Accumulating research suggests that the best possible treatments for cancer will not simply target and kill cancerous cells but will also work by making the neighboring cells—the so-called tumor microenvironment—behave more normally.
“Most people recognize that cancer is not just a ball of malignant cells. It’s a complex rogue organ,” says Frances Balkwill, Ph.D., professor of cancer biology at Barts Cancer Institute, Queen Mary University of London. “At least half the tumor isn’t made up of malignant cells at all. It’s all the other cells of the host, particularly immune system cells, fibroblasts, and blood vessel cells, that are recruited and often corrupted by the malignant cells to help the tumor itself grow and spread.”
Dr. Balkwill and her group study the role of tumor microenvironment signaling proteins—cytokines and chemokines—in human high-grade serous ovarian cancer. One of their targets is the cytokine receptor interleukin 6 (IL-6), a known tumor promoter.
“We’ve done one small clinical trial, and now we’re back in the lab trying to learn from that clinical trial about how we might use anti-IL-6 in combination with other cancer treatments,” explains Dr. Balkwill. “[We’re exploring the idea of] blocking cancer-related inflammation, which would help other treatments to work.”

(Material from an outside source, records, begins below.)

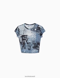 Bershka نحيف تيشيرت بأكمام قصيرة مع طبعة كريم 804X599 ملابس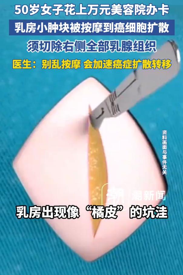 浙江,50岁女子在家里洗澡时,突然摸到乳房处有个硬块,一次按摩时偶然提及此事,技师表示可以用精油按摩消肿,女子听信后花万元办了卡,结果钱花了,几个月后病情也跟着严重了,就医后被确诊为乳腺癌并已发生淋巴结转移。医生:来的太晚了 张女士是一家企业的主管,平时工作很忙,次洗澡时无意摸到右边乳房里有个花生米大小的硬块。不疼不痒,她也没太当回事,想着改天抽空去医院看看 后来她去美容院做肩颈按摩,随口跟技师提了一嘴。技师一听,立刻来了精神,说这是肝气郁结、经络不通,用精油按摩就能把结节揉散,把毒素排出来 张女士一听不用动刀,就相信了对方的专业,花一万多办了张胸部疏通理疗卡。接下来的三个月,她每周准时去报到,接受大力推拿、揉搓、热敷 结果呢?小肿块没散,反而长到了红枣大小,摸起来硬得像石头。右胸开始胀痛,皮肤变得像橘子皮一样坑坑洼洼。更糟的是,腋窝下也摸到了几个硬疙瘩 到医院一查:右侧乳腺浸润性癌,已经发生腋窝淋巴结转移 医生说,刚发现花生米大小的硬块时,很可能还是早期乳腺癌。但几个月的挤压按摩,很大程度上加速了癌细胞的扩散。肿瘤太大,又转移了,常规保乳手术做不了,只能切除全部右侧乳腺 这件事让人心里很不是滋味 张女士不是没警惕性。她摸到硬块后,原本打算去医院。错就错在,她把一个需要严肃对待的身体信号,交给了没有医学资质的美容院 这里有一个很多人没意识到的陷阱:早期的乳腺癌肿块,往往不疼不痒。恰恰因为不难受,人才容易放松警惕,觉得不是什么大事,试试按摩也无妨。而美容院技师那套肝气郁结、经络不通的说法,正好给这种侥幸心理找了个听起来合理的解释 我觉得,按摩没问题,但美容院那些胸部疏通、排毒、散结的项目,可以这么理解:如果真有用,医院早就引进了。医院不用的东西,不是因为不想用,是因为没用,甚至有害。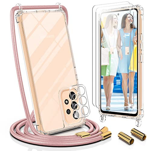 UYMO Trasparente Cover con cordino per SAMSUNG Galaxy A53 5G - con 2 Pezzi Vetro Temperato e Pellicola Fotocamera protettiva,Custodia con Laccio Collana Tracolla Regolabile catena Case,Oro rosa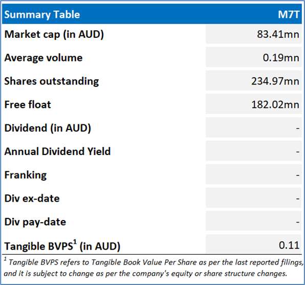 The stock has witnessed a dip of ~1.37% in last nine months, and over the last one year, it has decreased by ~39.9%. The stock has a 52-week low and 52-week high of AUD 0.280 and AUD 0.605, respectively and is currently trading below the 52-week high-low average. M7T was last covered in a report dated ’24 July 2025’.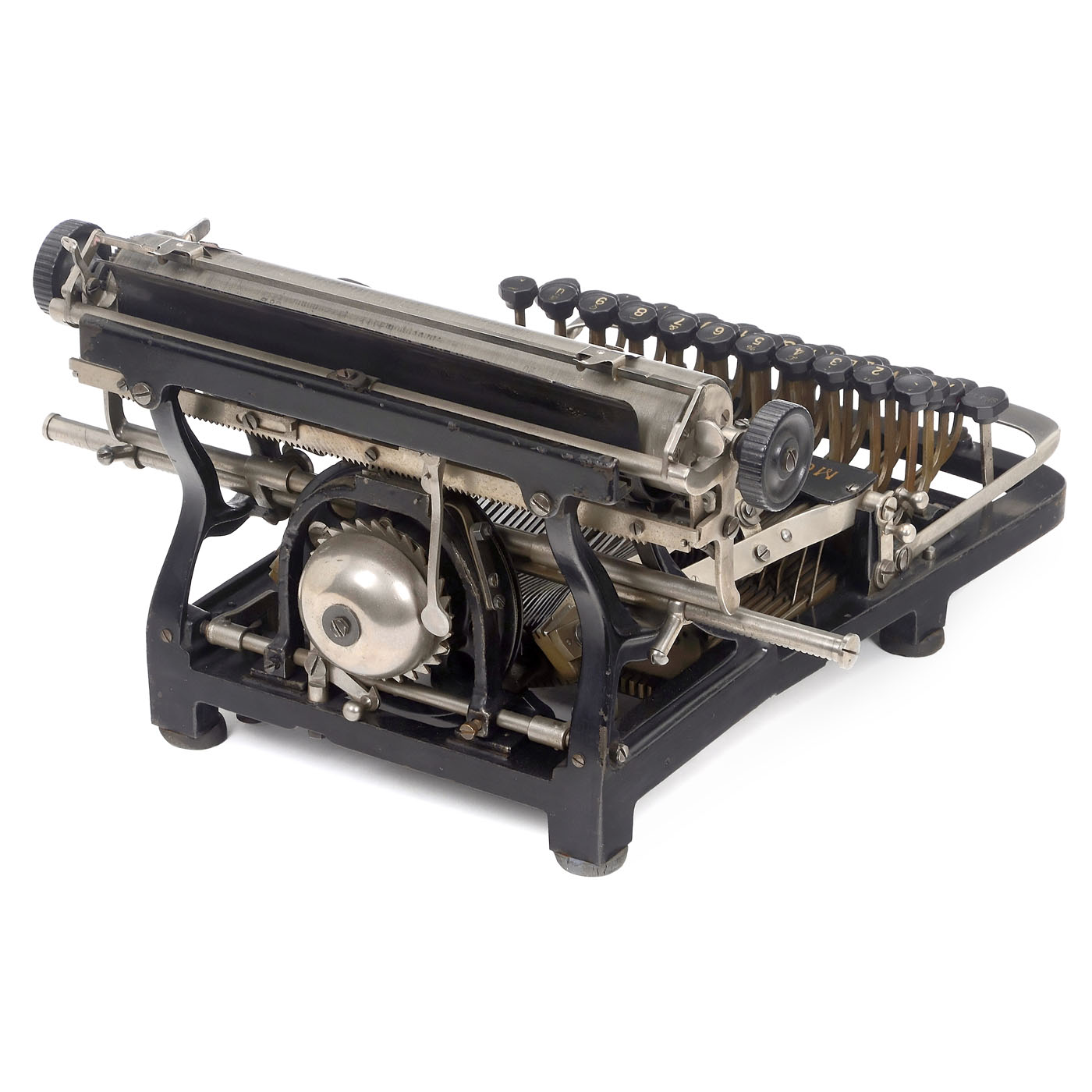 Manufactured by Pittsburg Writing Machine Company. A technically interesting typewriter construction with completely interchangeable typebar system using levers, nickel-plated space bar, integrated shift keys, open type basket, full keyboard in 4 rows.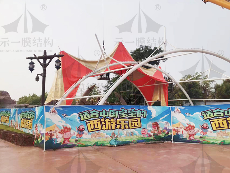 結構安裝主要為支撐結構的安裝和膜面的安裝,安裝步驟為:校驗鋼架尺寸—焊接連結件—地面展膜連接配件—反疊膜片—吊裝—打開膜片—張拉—定位—調整。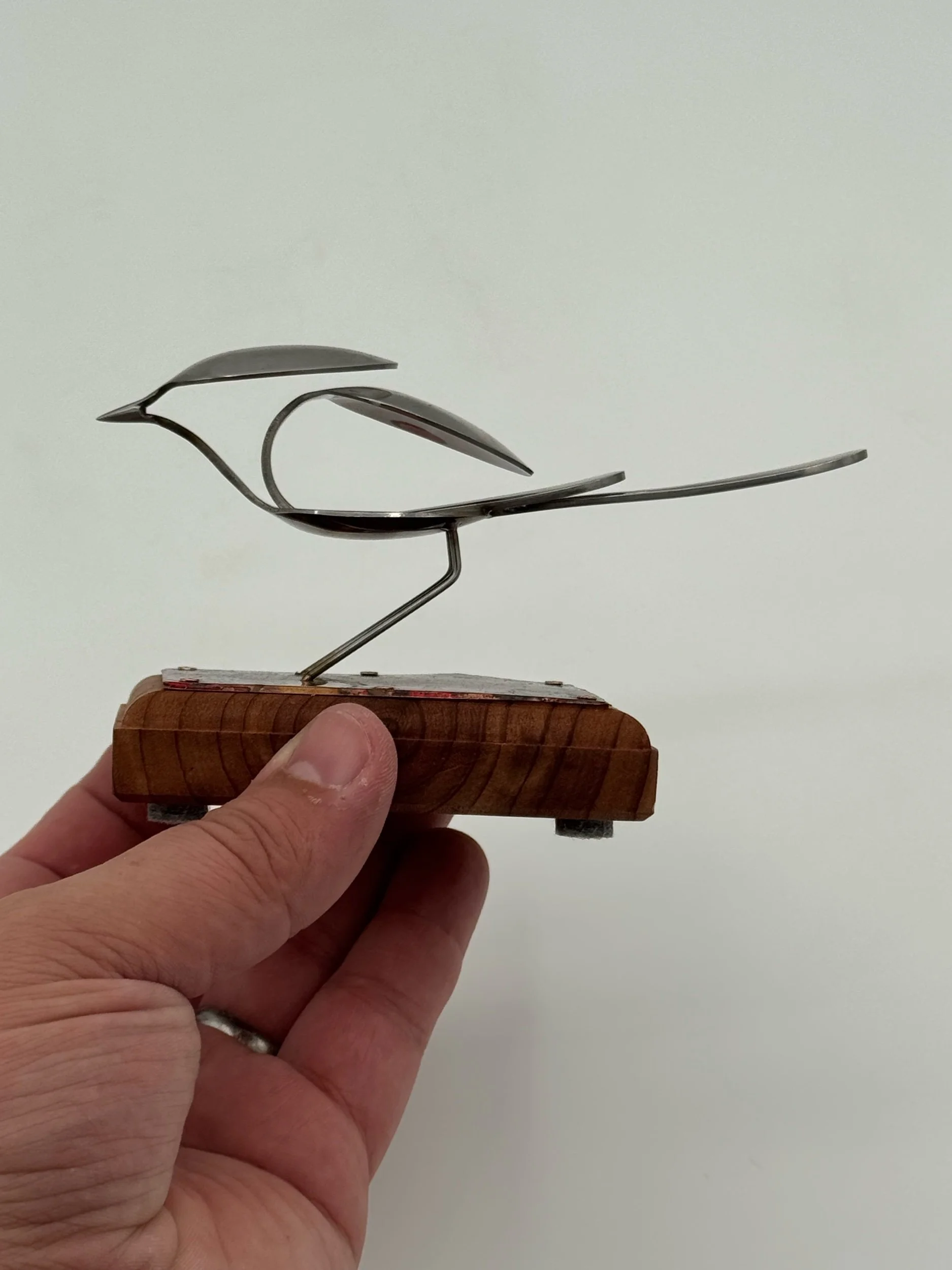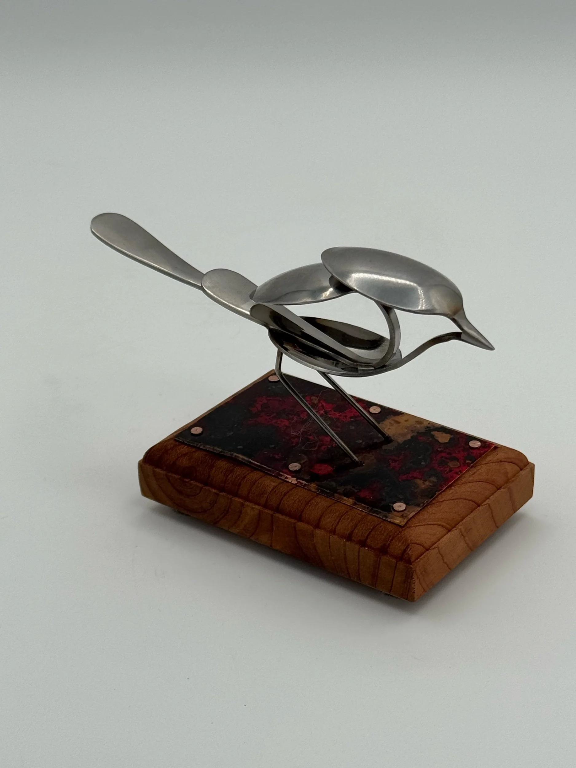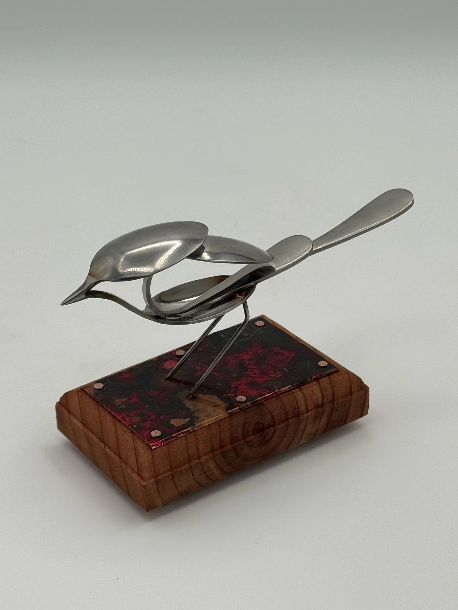 Nestlings are small, elegant bird sculptures made from miniature espresso spoons. This bird is Tig and laser welded with clean precision and attached to a Cedar mount with a red patina copper surface for a tabletop display. All steel materials used in my pieces are stainless steel, so they will never rust. All metalworking and woodworking are done exclusively by me.

Another target is the chemokine receptor CCR4. “When we use a small molecule or an antibody against CCR4 in mouse models, we find that it seems to switch macrophages from being tumor promoting to being tumor inhibiting, and it has anticancer effects,” notes Dr. Balkwill. This research, which Dr. Balkwill’s lab is carrying out in collaboration with Cancer Research UK and AstraZeneca, is studying the therapeutic potential of a small molecule CCR4 inhibitor. Dr. Balkwill anticipates that the compound will be evaluated next year in a Phase I trial in patients with advanced renal cancer.
Besides this work, Dr. Balkwill’s group is also trying to build a completely human tumor model. “We are deconstructing the tumor microenvironment of peritoneal metastasis of high-grade serous ovarian cancer,” explains Dr. Balkwill. “We are trying to rebuild as much as we can of that microenvironment in a way that uses stem cell biology, tissue engineering, and biomechanics in a multidisciplinary project.”